Having ended his story, he shook hands with his still wondering neighbours, addressing by name some who had been very young when he left, and who, hearing their names, came forward now as grown men, hardly recognisable, but much pleased at being remembered. He returned his sisters' carresses, begged his uncle's forgiveness for the trouble he had given in his boyhood, recalling with mirth the various corrections received. He mentioned also an Augustinian monk who had taught him to read, and another reverend father, a Capuchin, whose irregular conduct had caused much scandal in the neighbourhood. In short, notwithstanding his prolonged absence, he seemed to have a perfect recollection of places, persons, and things. The good people overwhelmed him with congratulations, vying with one another in praising him for having the good sense to come home, and in describing the grief and the perfect virtue of his Bertrande. Emotion was excited, many wept, and several bottles from Martin Guerre's cellar were emptied. At length the assembly dispersed, uttering many exclamations about the extraordinary chances of Fate, and retired to their own homes, excited, astonished, and gratified, with the one exception of old Pierre Guerre, who had been struck by an unsatisfactory remark made by his nephew, and who dreamed all night about the chances of pecuniary loss augured by the latter's return.
It was midnight before the husband and wife were alone and able to give vent to their feelings. Bertrande still felt half stupefied; she could not believe her own eyes and ears, nor realise that she saw again in her marriage chamber her husband of eight years ago, him for whom she had wept; whose death she had deplored only a few hours previously. In the sudden shock caused by so much joy succeeding so much grief, she had not been able to express what she felt; her confused ideas were difficult to explain, and she seemed deprived of the powers of speech and reflection. When she became calmer and more capable of analysing her feelings, she was astonished not to feel towards her husband the same affection which had moved her so strongly a few hours before. It was certainly himself, those were the same features, that was the man to whom she had willingly given her hand, her heart, herself, and yet now that she saw him again a cold barrier of shyness, of modesty, seemed to have risen between them. His first kiss, even, had not made her happy: she blushed and felt saddened--a curious result of the long absence! She could not define the changes wrought by years in his appearance: his countenance seemed harsher, yet the lines of his face, his outer man, his whole personality, did not seem altered, but his soul had changed its nature, a different mind looked forth from those eyes. Bertrande knew him for her husband, and yet she hesitated. Even so Penelope, on the, return of Ulysses, required a certain proof to confirm the evidence of her eyes, and her long absent husband had to remind her of secrets known only to herself.

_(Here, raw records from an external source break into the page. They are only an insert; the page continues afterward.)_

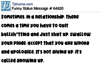 X says Sometimes, in a relationship, there comes a time you have to quit bullsh*tting and just shut up, swallow your pride, accept that you are wrong and apologize. It's not giving up, it's called growing up.
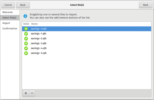 从银行导入文件将使用另一个分步向导进行处理,该向导提供了创建新帐户或填充现有帐户的选项。导入新帐户可节省一点时间,因为你无需在开始导入之前预先创建所有帐户。你还可以一次将多个文件导入帐户,因此不需要对每个帐户中的每个文件重复相同的步骤。
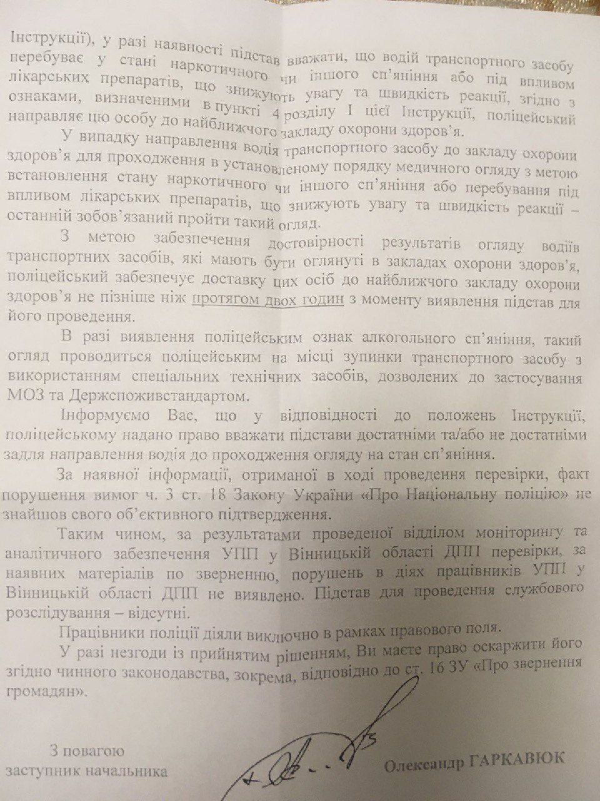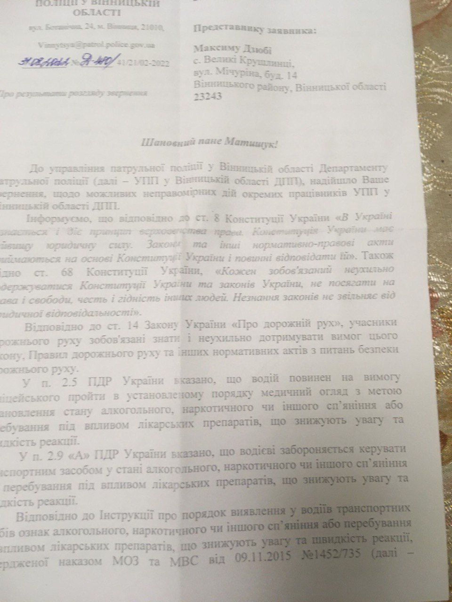 Через цей інцидент чоловік подав скаргу до Головного управління поліції у Вінницькій області. У відповіді сказали, що порушень з боку працівників поліції не виявили.
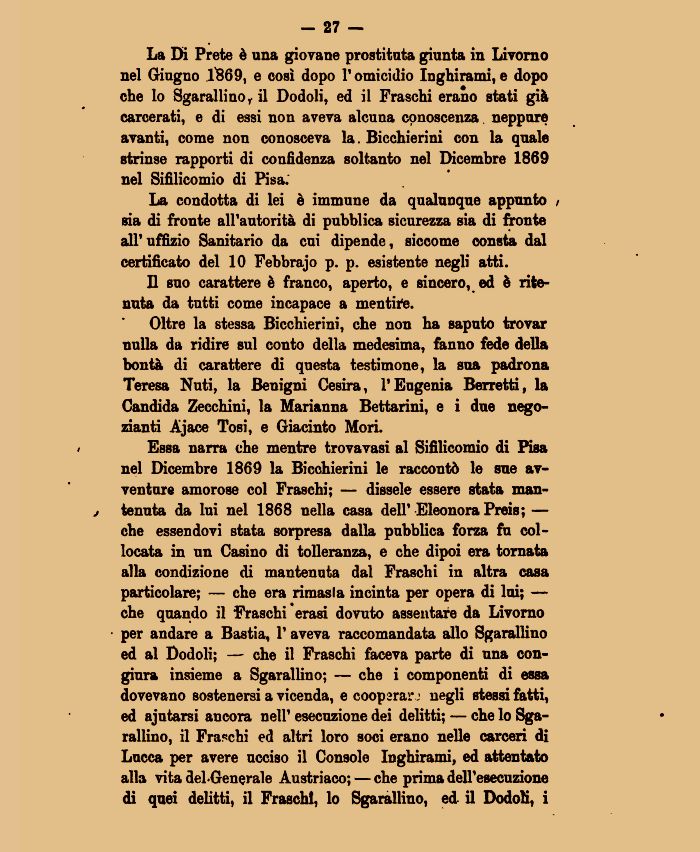 Essa narra che mentre trovavasi al Sifilicomio di Pisa nel Dicembre 1869 la Bicchierini le raccontò le sue avventure amorose col Fraschi; — dissele essere stata man-j tenuta da lui nel 1868 nella casa dell' Eleonora Preis; — che essendovi stata sorpresa dalla pubblica forza fu collocata in un Casino di tolleranza, e che dipoi era tornata alla condizione di mantenuta dal Fraschi in altra casa particolare; — che era rimasla incinta per opera di lui; — che quando il Fraschi erasi dovuto assentare da Livorno per andare a Bastia, 1' aveva raccomandata allo Sgarallino ed al Dodoli; — che il Fraschi faceva parte di una congiura insieme a Sgarallino; — che i componenti di essa dovevano sostenersi a vicenda, e coopsrar : negli stessi fatti, ed ajutarsi ancora nell' esecuzione dei delitti; — che lo Sgarallino, il Fraschi ed altri loro soci erano nelle carceri di Lucca per avere ucciso il Console Inghirami, ed attentato alla vita del.Generale Austriaco; — che prima dell'esecuzione di quei delitti, il Fraschi, lo Sgarallino, ed il Dodoli, i
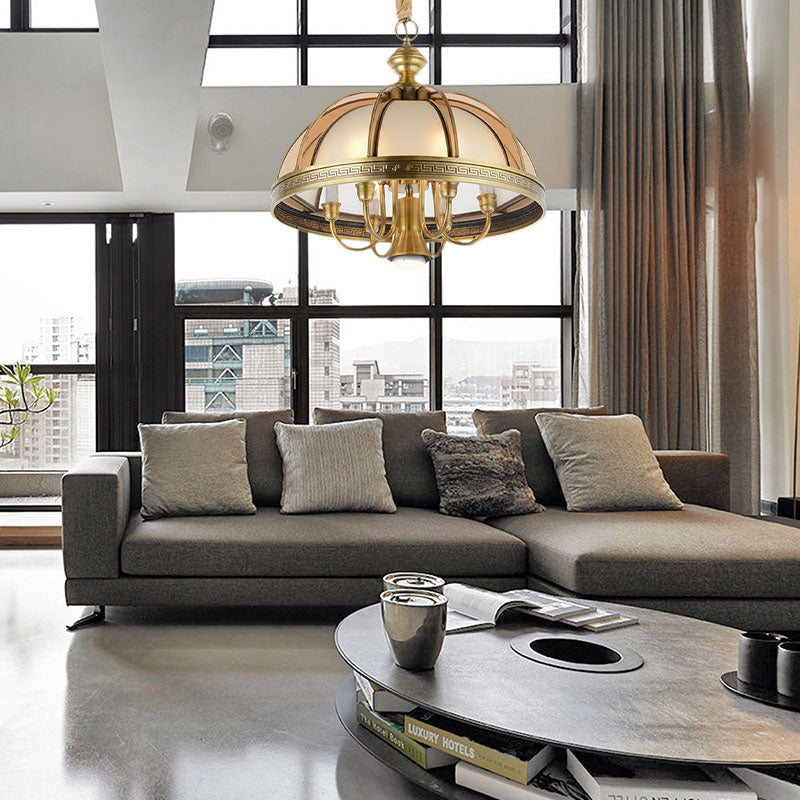 Lustre colonial en laiton : lampe suspendue à 7 ampoules pour la cuisine - 16,5"/20,5" de large

Martin, however, as if he understood Bertrande's feeling and divined some secret mistrust, used the most tender and affectionate phrases, and even the very pet names which close intimacy had formerly endeared to them.
"My queen," he said, "my beautiful dove, can you not lay aside your resentment? Is it still so strong that no submission can soften it? Cannot my repentance find grace in your eyes? My Bertrande, my Bertha, my Bertranilla, as I used to call you."
She tried to smile, but stopped short, puzzled; the names were the very same, but the inflexion of voice quite different.
Martin took her hands in his. "What pretty hands! Do you still wear my ring? Yes, here it is, and with it the sapphire ring I gave you the day Sanxi was born."